Collected data:

%%

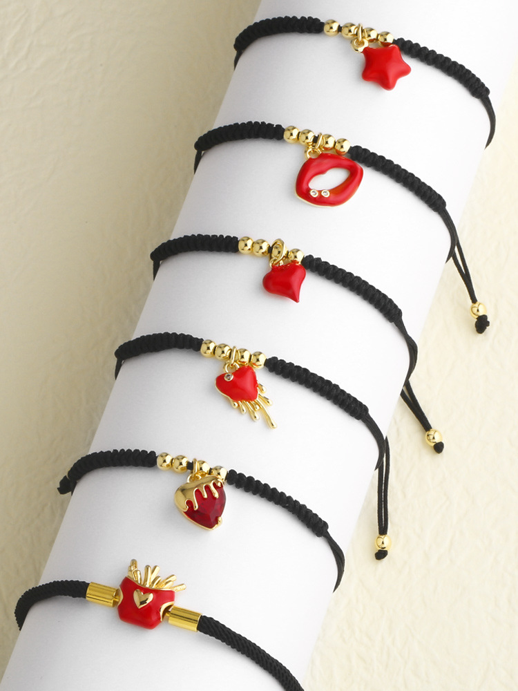 Jewelry new hand-woven black rope dripping oil lips love pendant bracelet brc60
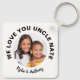 Celebre o melhor tio do mundo com este chaveiro branco de fotos personalizado. Personalize facilmente com uma fotografia favorita (recorte para uma orientação quadrada com o assunto no meio antes de carregar para obter o melhor resultado). Você pode personalizar a expressão "Nós te amamos tio" para algo semelhante em comprimento como "Melhor Tio Nunca" ou "O Maior Tio do Mundo". Na parte inferior você pode adicionar nomes de crianças ou outros textos.
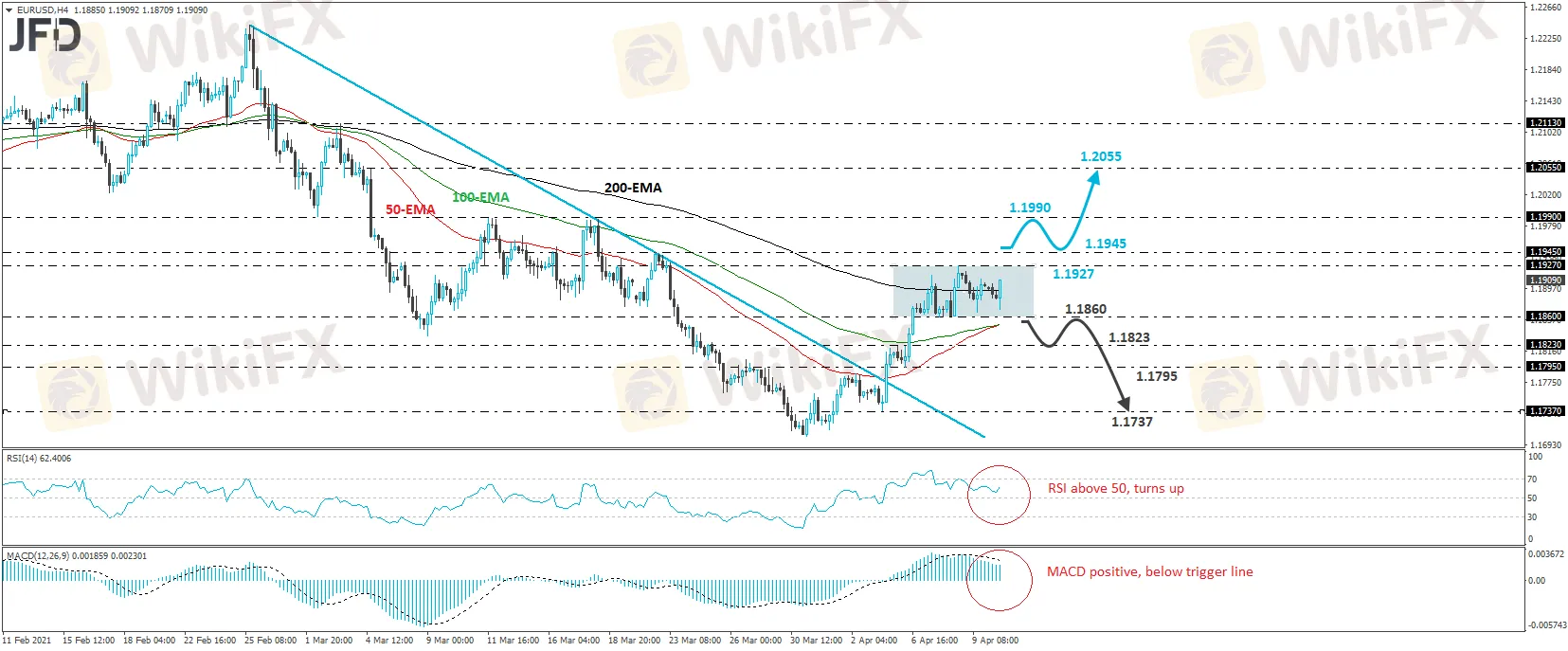 Now, in case the bears take charge and push the action below the ranges lower end, at 1.1860, we may see them initially aiming for the high of Apr. 5, at 1.1823, or the low of the day after, at around 1.1795. If neither barrier is strong enough to stop the decline, then we may experience extensions towards the low of Apr. 5, at around 1.1737.

%%

About this exercise:
Exactly the lines running from the one with "Celebre o melhor" through the end of the listing above must be output, both ends included. No pictures belong in the output.

Task answer:
 Celebre o melhor tio do mundo com este chaveiro branco de fotos personalizado. Personalize facilmente com uma fotografia favorita (recorte para uma orientação quadrada com o assunto no meio antes de carregar para obter o melhor resultado). Você pode personalizar a expressão "Nós te amamos tio" para algo semelhante em comprimento como "Melhor Tio Nunca" ou "O Maior Tio do Mundo". Na parte inferior você pode adicionar nomes de crianças ou outros textos.
 Now, in case the bears take charge and push the action below the ranges lower end, at 1.1860, we may see them initially aiming for the high of Apr. 5, at 1.1823, or the low of the day after, at around 1.1795. If neither barrier is strong enough to stop the decline, then we may experience extensions towards the low of Apr. 5, at around 1.1737.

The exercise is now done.